By Luling Huang
I have a set of 17 user-provided political ideological labels (e.g., Libertarian, Moderate, Liberal, Centrist, etc.). Each label has a document containing the user-generated textual data contributed by the users who selected that label. How do I determine how different or distant the labels are based on the textual data? And, based on the pairwise distances, how do I check, for example, whether Socialist is relatively closer to Liberal than to Conservative?
Why is the problem significant?
My goal is to develop a new measure for cross-ideological and within-ideological relationship between two users, given the data I have. A previous similar project used a rough, common-sense approach to recode the ideological labels into Left, Centrist, and Right (Liang, 2014). The first problem of such a rough approach is that the precision of the measure can be doubted due to the perceivable diversity within each of the three large recoded labels (i.e., Left, Centrist, and Right). That is, to what extent is it plausible to assume that the relationship between a communist and a liberal is within-ideological? The second problem is that the contents of what users say in political discussion are ignored. To what extent is it reasonable to argue that people select whom they talk to, as they merely attend to the user-provided cues (i.e., the ideological labels), but not as they attend to the actual contents of what others are saying?
Task and some benefits:
So, what I wanted to do was to empirically determine how distant the 17 ideological groups are based on the textual data. Hierarchical clustering seems to be an appropriate unsupervised text mining method to study the defined problem. At the current stage, I think there are two types of data that will be useful from hierarchical clustering. The first one is the quantitative data of a 17 by 17 distance matrix, which is required during the hierarchical clustering process. The second one is the qualitative grouping output at the end of the hierarchical clustering process.

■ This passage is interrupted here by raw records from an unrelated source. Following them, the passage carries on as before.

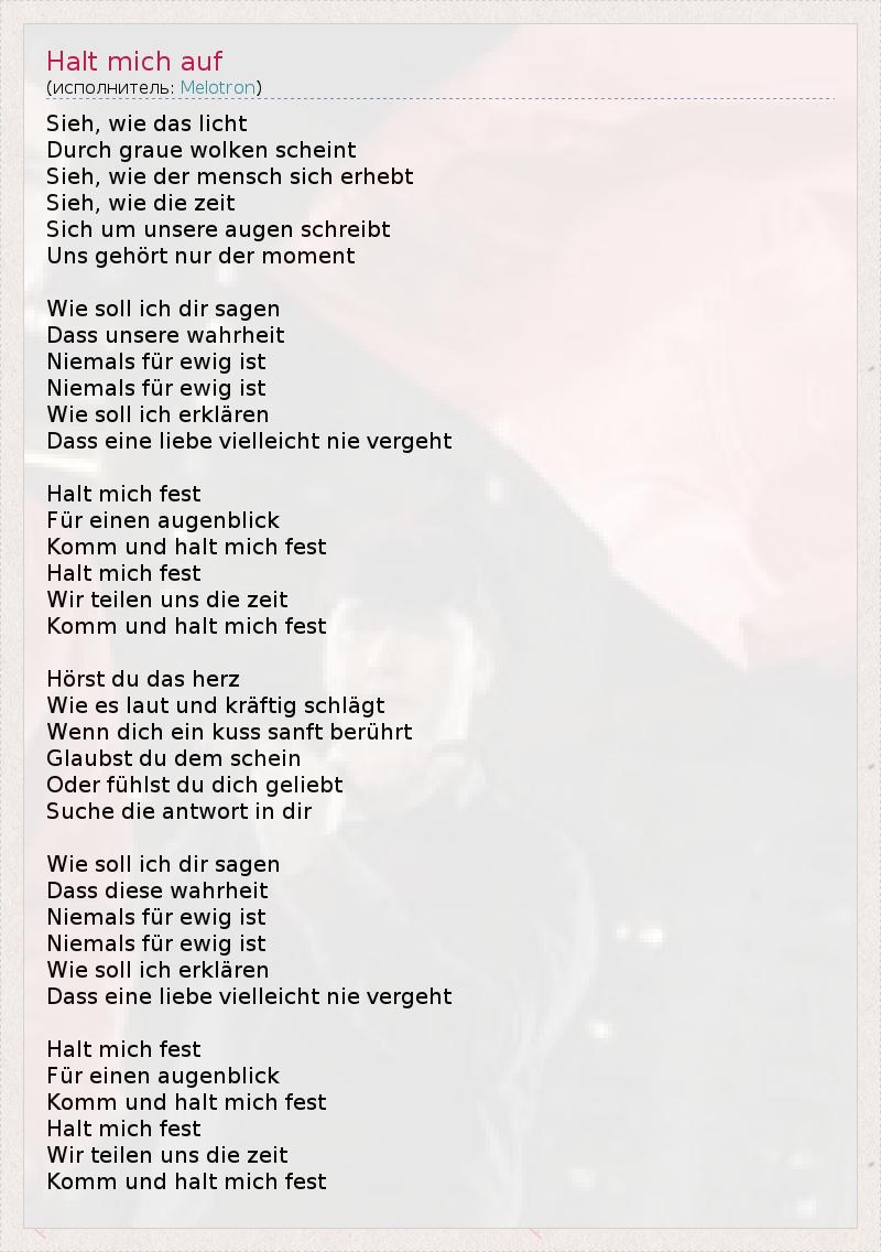 А как ты думаешь, о чем песня "Halt mich auf" ?
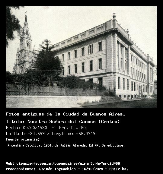 Nuestra Señora del Carmen (Centro) - 00/00/1930 - [Id: 80] Fuente:Argentina Católica. 1934. de Julián Alameda. Ed PP. Benedictinos Palabras claves:Iglesia Nuestra Señora del Carmen (Centro) |
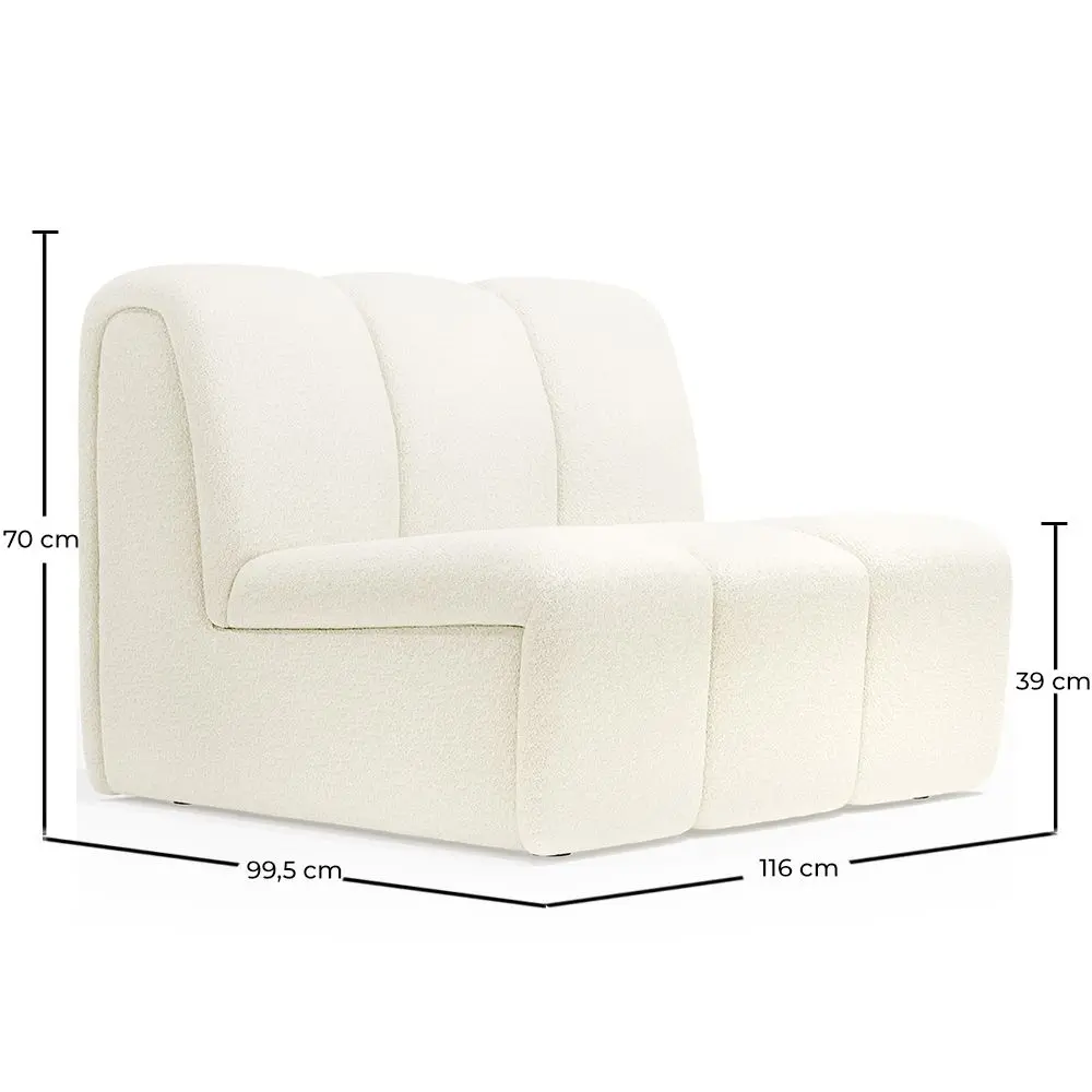 Immerse yourself in contemporary luxury with our straight design sofa module, upholstered in the highest quality bouclé fabric. This module not only features modern and clean lines but also provides exceptional comfort. The bouclé fabric, soft to the touch and visually appealing, adds a touch of distinction to any environment. Designed to meet the demands of hotels and restaurants seeking the best in quality and design, this module can be combined with our curved module to create a custom sofa that suits your preferences and the style of your space. Every detail has been carefully considered to offer a seating experience that redefines comfort and modern elegance.

a. Represent the documents in a vector space model. The logic was explained in one of my previous post on cosine similarity. In brief, create a document-term matrix.

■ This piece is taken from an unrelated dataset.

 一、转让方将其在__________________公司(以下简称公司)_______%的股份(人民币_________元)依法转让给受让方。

b. Weight the raw document-term matrix by tf-idf. The logic was also explained in the same post mentioned in Step a.
c. Calculate the Euclidean distances between any two documents.
d. Perform hierarchical clustering on the distance matrix created in Step c with a bottom-up approach. The general logic: 1. Treat each document as one cluster initially; 2. Find the most proximate two documents based on the distance matrix and group them as one cluster; 3. Create a new distance matrix; 4. Repeat Step 2 and Step 3 until all documents are in one cluster. Note that different algorithms (and complexity, of course) kick in in Step 3 regarding how the new distance matrix is calculated. The procedure in the following R script used Ward’s method (see more details in the documentation of hclust in R). I found this lecture notes (Greenacre, 2008) with numerical examples very helpful to understand hierarchical clustering.
Some R code:
1 2 3 4 5 6 7 8 9 10 11 12 13 14 15 16 17 18 19
library(tm) library(dendextend) # Steps a & b tfidfdtm <- DocumentTermMatrix(corpus, control = list(bounds = list(global = c(2, Inf)),weighting = function(x) weightTfIdf(x, normalize = FALSE))) # Step c d <- dist(tfidfdtm, method="euclidian") # Step d hc <- hclust(d, "ward.D") # Visualization dend <- as.dendrogram(hc) labels(dend) <- labels.txt[order.dendrogram(dend)] dend <- set(dend, "labels_cex", 0.6) dend <- color_branches(dend, k = 6) par(mar = c(3,0,2,6)) plot(dend,horiz = T,main = "Clustering Dendrogram of 17 Ideological Labels")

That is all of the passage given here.